Такие же восторженные дифирамбы пелись и Анне Павловой. Откровением для Парижа был и кордебалет, ансамбль, с его совершенно необычной психологической экспрессивностью. «Intransigeant» писал: «Русский балет чарует нас своим ансамблем, той добросовестностью и тем энтузиазмом, с которыми вся труппа исполняет малейшие детали. У нас, когда балерина танцует, кордебалет остается словно вросшим в землю, с повисшими руками. У русских же вся сцена залита лихорадочным ожиданием, среди которого отдельные балерины врываются в общую пляску и появляются на гребне ее, подобно морским травам, что приносятся на берег волною и вновь уносятся ею…» Еще определеннее писал (в 1910 году) о «новом принципе русского балета» Henri Gheon [Анри Геон] в «Nouvelle Revue Fran?aise»: «Прошло время для балетов, приносившихся в жертву „этуали“ [123] . Царство этуали миновало, как и царство тенора. Для того чтобы быть справедливым по отношению к русской труппе, следовало бы избегать малейших упоминаний об ее отдельных исполнителях. Она стоит выше всех индивидуальных ценностей, ее составляющих. Она обладает высшим достоинством казаться неразложимой на отдельные личности и составлять одно целое с произведением, ею изображаемым, так что кажется, будто она родилась от музыки, чтобы раствориться в красках декораций».
123
От etoile (фр.) – звезда.
Живопись декораций и костюмов, танцовщики, танцовщицы и кордебалет, прекрасный, праздничный спектакль – вот что поразило в 1909 году парижского зрителя и произвело на него наибольшее впечатление. Рядом с этим впечатлением надо поставить впечатление от музыки опер и балетов – в этом сезоне окончательно была закреплена победа русской музыки, одержанная Дягилевым в двух предыдущих сезонах (этой победе значительно способствовало прекрасное ведение оркестра Купером). Глинка, Чайковский, Бородин, Римский-Корсаков, Мусоргский, Глазунов становятся уже привычно-любимыми именами. В этом отношении следует отметить «Le Festin», о котором одни русские критики (Я. Тугендхольд) писали, что он «производит неприятное впечатление какого-то торжественного, коронационного дивертисмента, но отдельные номера его интересны», а другие (В. Светлов) утверждали, что «парижскую публику и критику чрезвычайно интересовали эти спектакли своей художественной концепцией, своим ансамблем». «Le Festin» состоял из марша из «Золотого петушка» Римского-Корсакова, Лезгинки Глинки, «Птицы» Чайковского, Чардаша Глазунова, Гопака Мусоргского, Мазурки Глинки, Трепака Чайковского, Grand Pas Classique Hongrois [124] Глазунова и Финала из Второй симфонии Чайковского (отдельные вставные номера на музыку С. Танеева, Н. Римского-Корсакова, М. Глинки, А. Глазунова и М. Мусорского были и в «Клеопатре»).
124
Большой классический венгерский танец (последнее действие балета «Раймонда»). – Ред.

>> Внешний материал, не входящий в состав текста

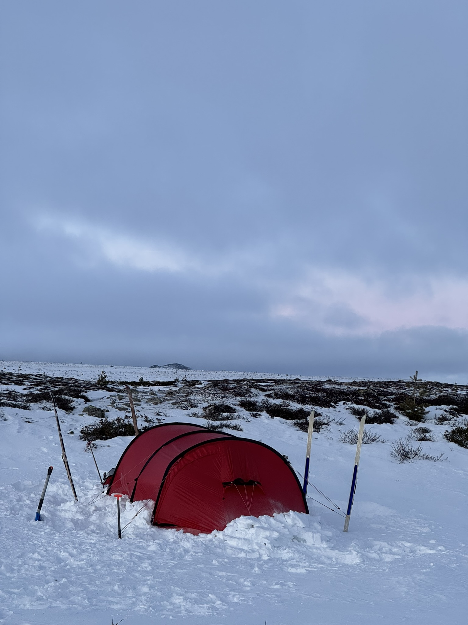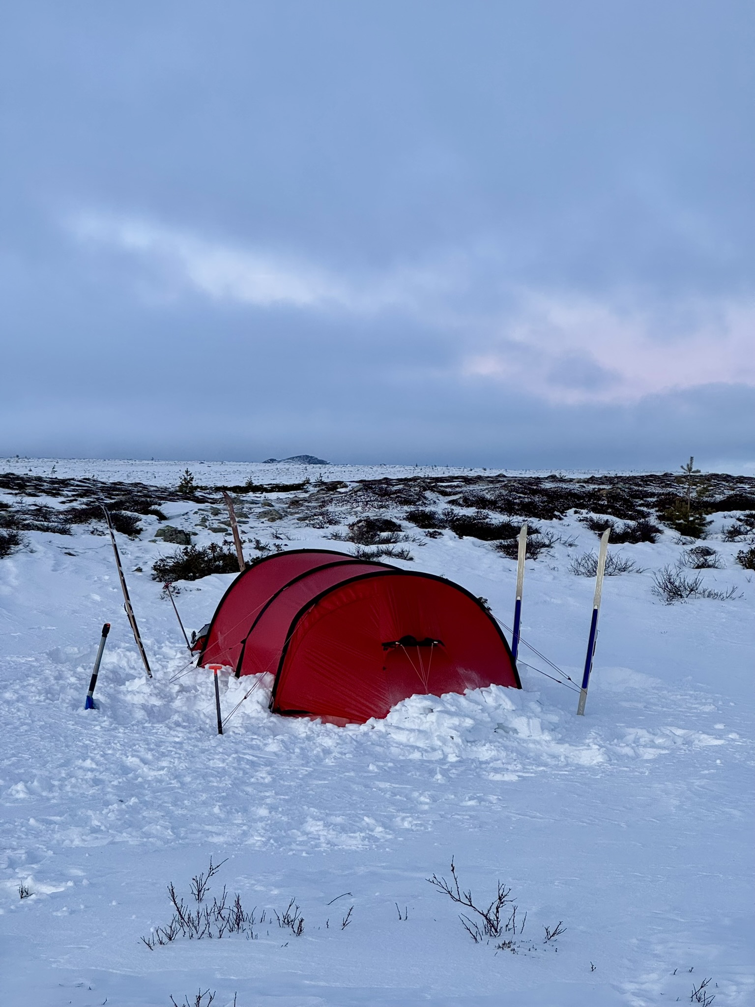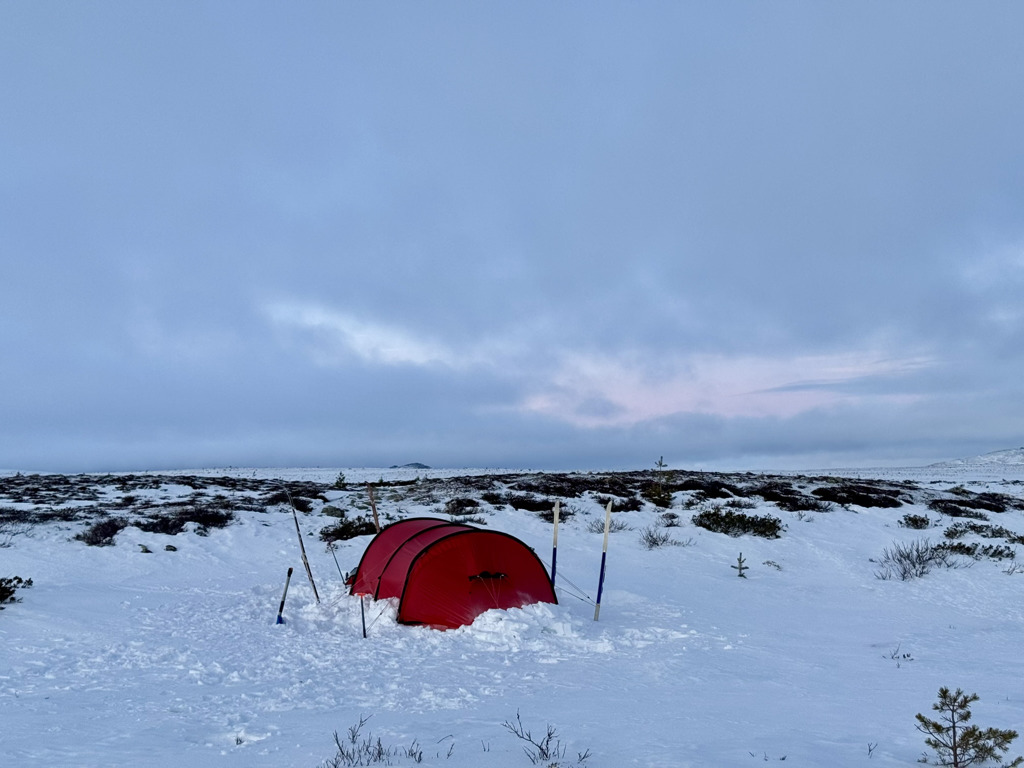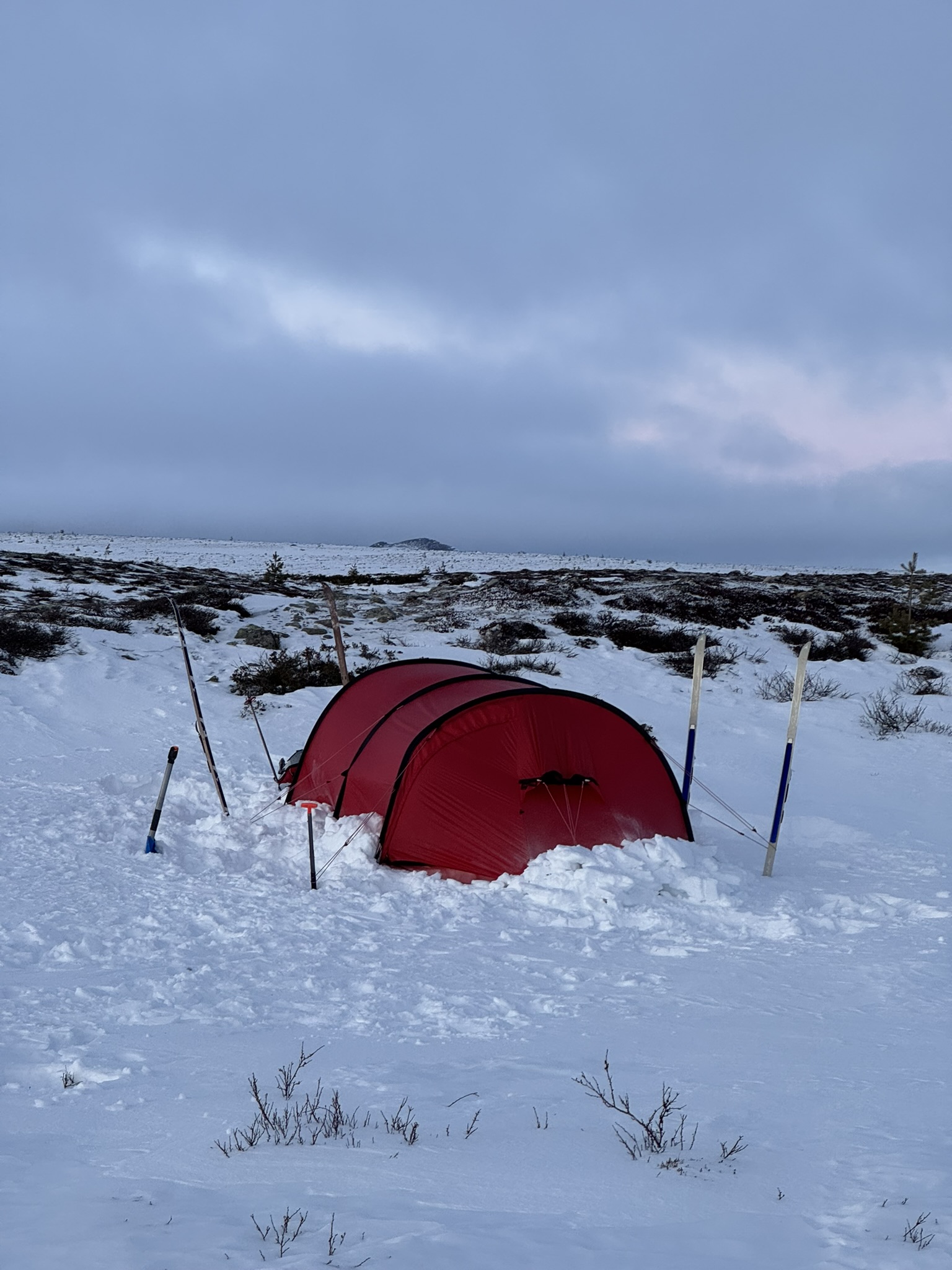 Hannah woke up feeling sick. She threw up as quick as she tried to eat or drink something. We tried small sips of water, crackers, the usual possibilities, but it didn´t help. I figured it was probably dehydration. Maybe a light hypothermia. Or side effects of jetlag? She hadn´t been drinking and eating much, and even though we had brought salmon and moose sausage for food, she had one meal at 15.00 when we came back from the climb and then went inside the sleeping bag. It was dark outside. The sleeping bag is a great place. But you need to eat and drink. At least 3-4 liters a day. The dry cold takes a lot of energy, even if the gear is really good.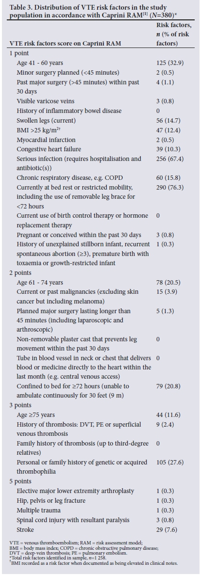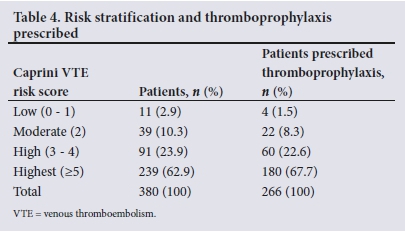METHODS. A retrospective, cross-sectional study design was employed in the medical wards of two district hospitals and one regional hospital in the Cape Town metropole, Western Cape. Medical folders of adult medical inpatients admitted between January and July 2020 were reviewed to assess VTE risk using the Caprini RAM. Thromboprophylaxis therapy prescribed and contraindications to chemoprophylaxis were also evaluated.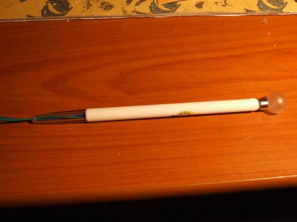 Alors je perce le stylo en haut (trou de la même taille que le culot de l'ampoule), j'enlève la mine, je passe les fils dedans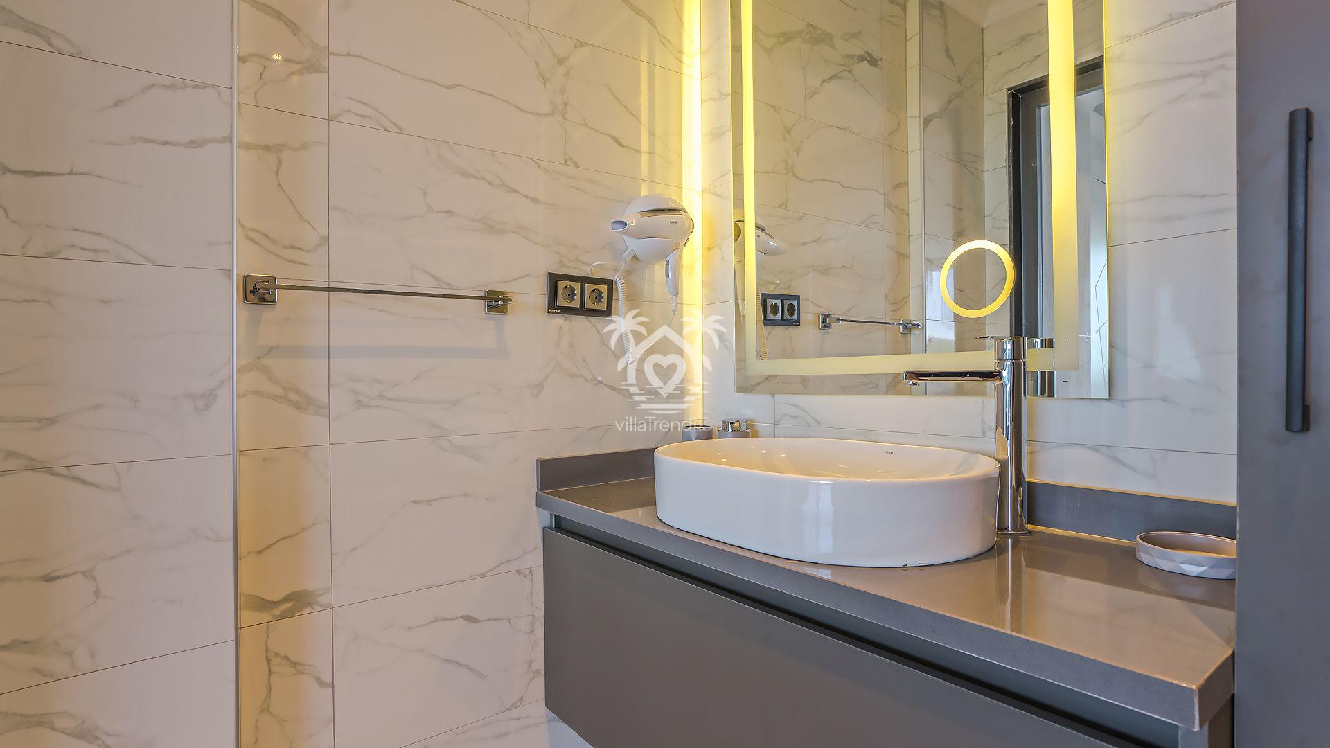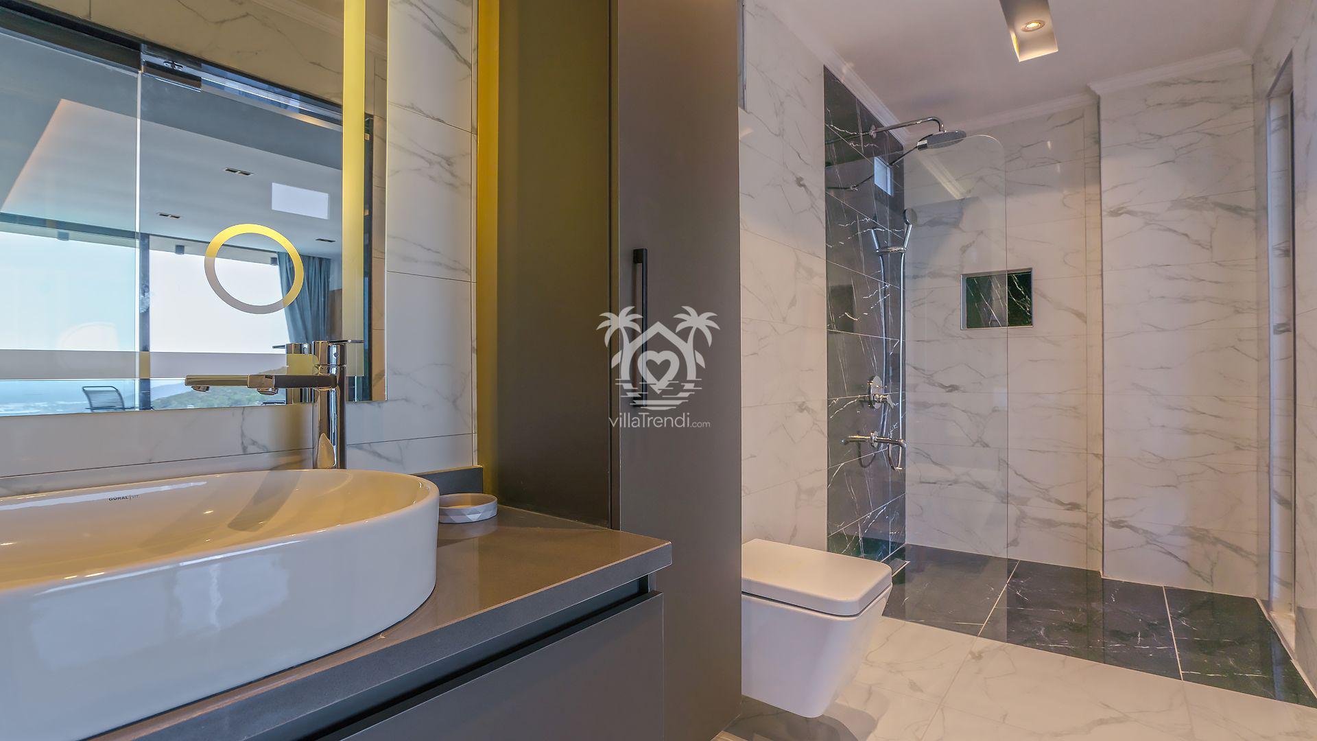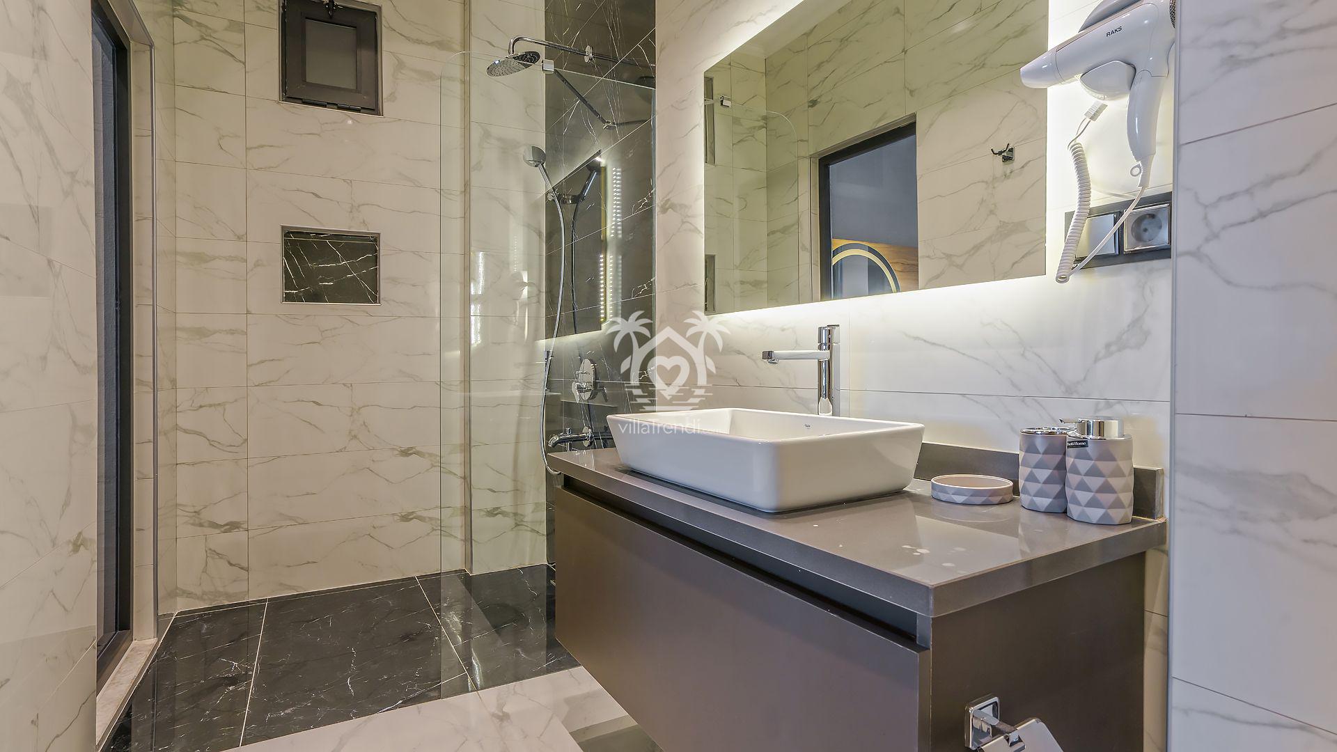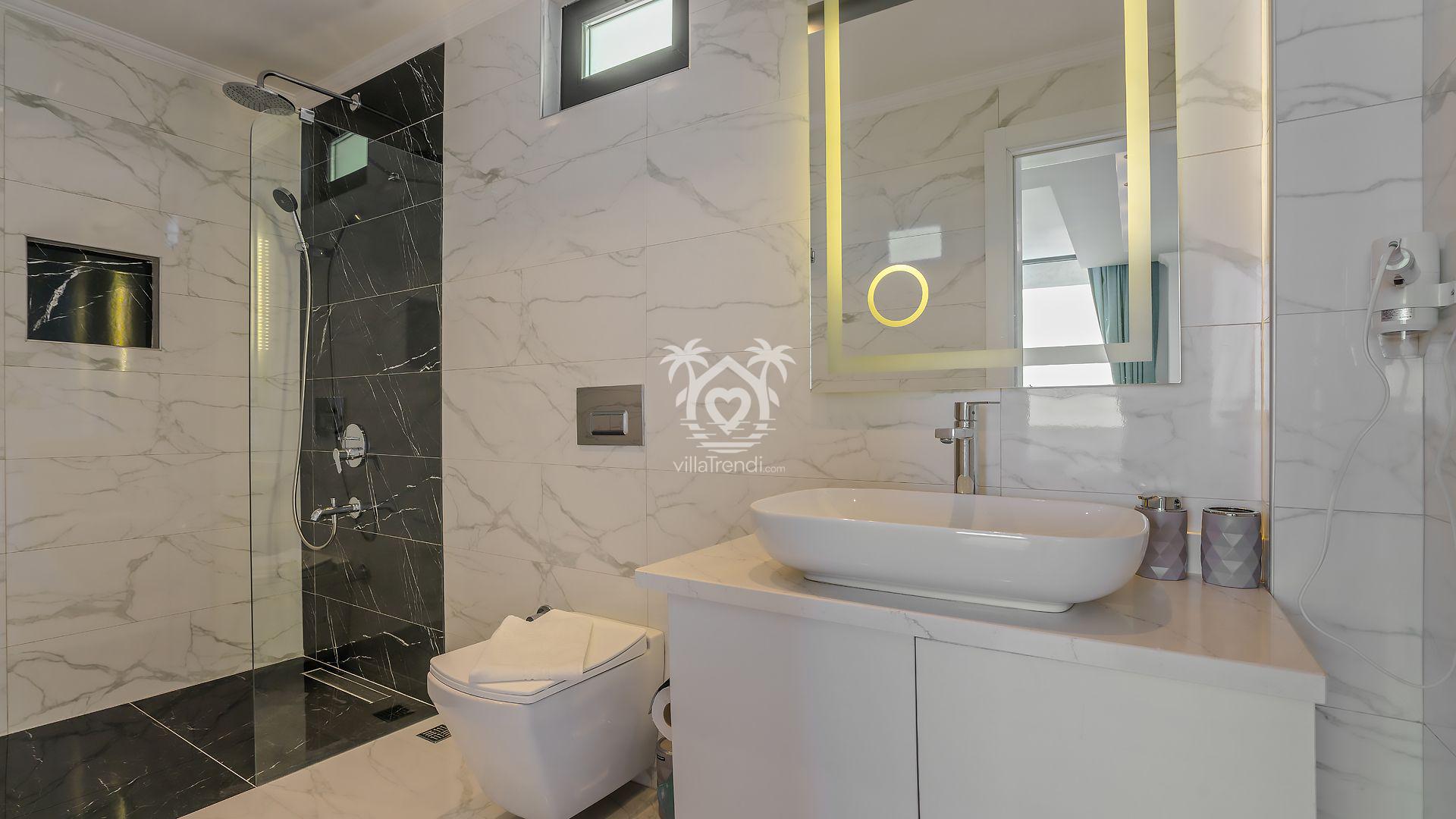 Süit Odalar: Villamızda 2 adet çift kişilik ve 1 adet iki tek kişilik yataklı oda bulunmaktadır. Birinci yatak odasındaki özel küvet detayı ise konforunuzu taçlandırıyor. 🛌🛀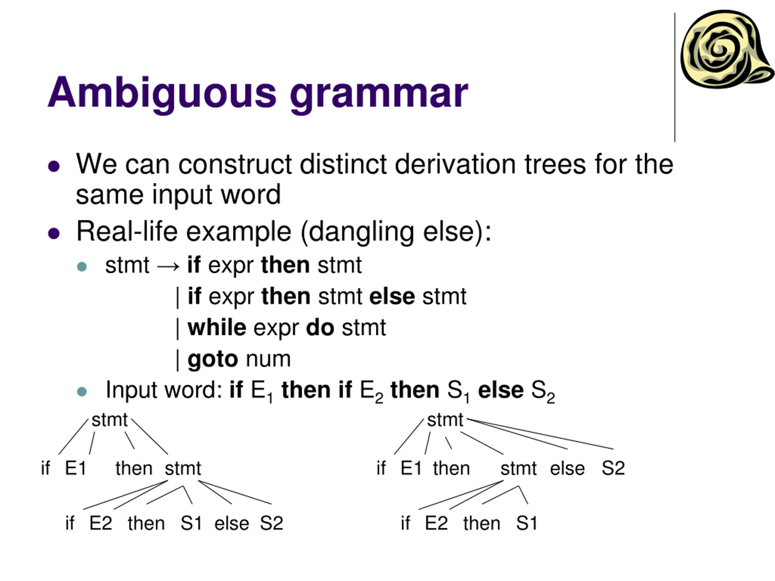 Ambiguous grammar We can construct distinct derivation trees for the same input word Real-life example (dangling else): stmt if expr then stmt | if expr then stmt else stmt | while expr do stmt | goto num Input word: if E1thenif E2then S1else S2 stmt stmt if E1 then stmt if E1 then stmt else S2 if E2 then S1 else S2 if E2 then S1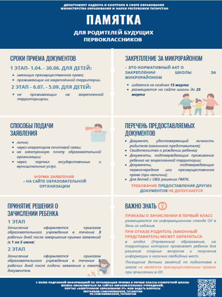 Сроки подачи заявлений от родителей определены приказом Минпросвещения РФ от 02.09.2020 №458 «Об утверждении Порядка приема на обучение по образовательным программам начального общего, основного общего и среднего общего образования».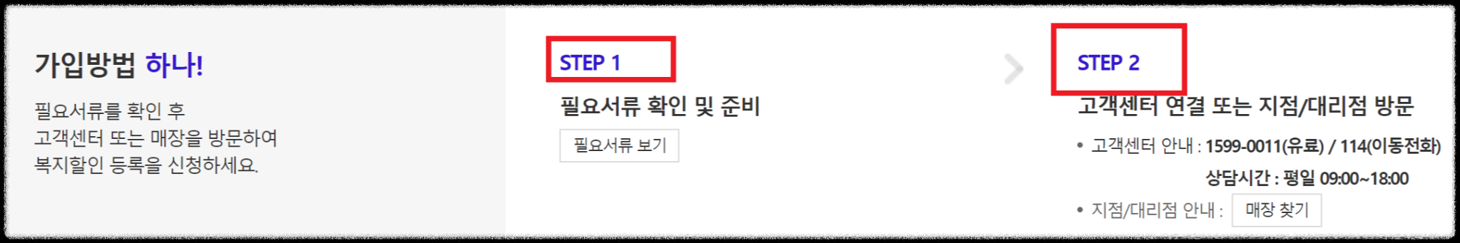 필요서류를 확인해서 고객센터 또는 매장을 방문하여 복지할인 등록하실 수 있습니다.

Менее всего была понята и оценена «хореография» русских балетов, и о ней менее всего писала парижская пресса. Причин для этого было много: зрители и критики так были увлечены красотою спектакля, прекрасным исполнением и прекрасной музыкой, что не отдавали себе отчета в том, насколько красоте этого праздника-спектакля способствовал танцевальный рисунок балетов; к тому же французский балет к началу XX века до такой степени упал, что вместе с его падением прекратила свое существование и балетная критика, и о «хореографии» буквально некому было писать. А так как писать о самом крупном и притом самом модном художественном событии Парижа было необходимо, то или, в более редких случаях, обращались к русским критикам и на свой лад переделывали не Бог весть какие мудрые писания русских балетоманов, или – гораздо чаще – обращались к художникам и особенно музыкантам, которые и оценивали балет с точки зрения живописи и музыки (отголосок такого отношения к
балету дошел и до наших дней, и теперь еще часто балет, то есть танцевальное произведение, оценивается по качеству музыки, его сопровождающей).Нам теперь, после того как двадцатилетнее существование Русского балета Дягилева оживило французский балет, который не только возродился, но и снова занял едва ли не первое место в мире, трудно себе представить, каким ненужным и отжившим казался французам балет тридцать лет тому назад: балет казался таким пережитком, таким навсегда похороненным искусством диких народов, что никто не верил в возможность его воскрешения, и, приходя в восторг от Русского балета, французы готовы были объяснить его достоинства… варварством русских, экзотичностью, немыслимой в цивилизованном обществе, – потому-то и можно было без всякой зависти и ревности, без всякого ущемления национального самолюбия (это самолюбие начинает говорить только с 1911 года), так безоговорочно восторгаться русским балетом. В этом отношении очень показательны статьи А. Боннара и Марселя Прево – обе 1910 года (в 1910 году французская критика вообще стала больше разбираться в балете).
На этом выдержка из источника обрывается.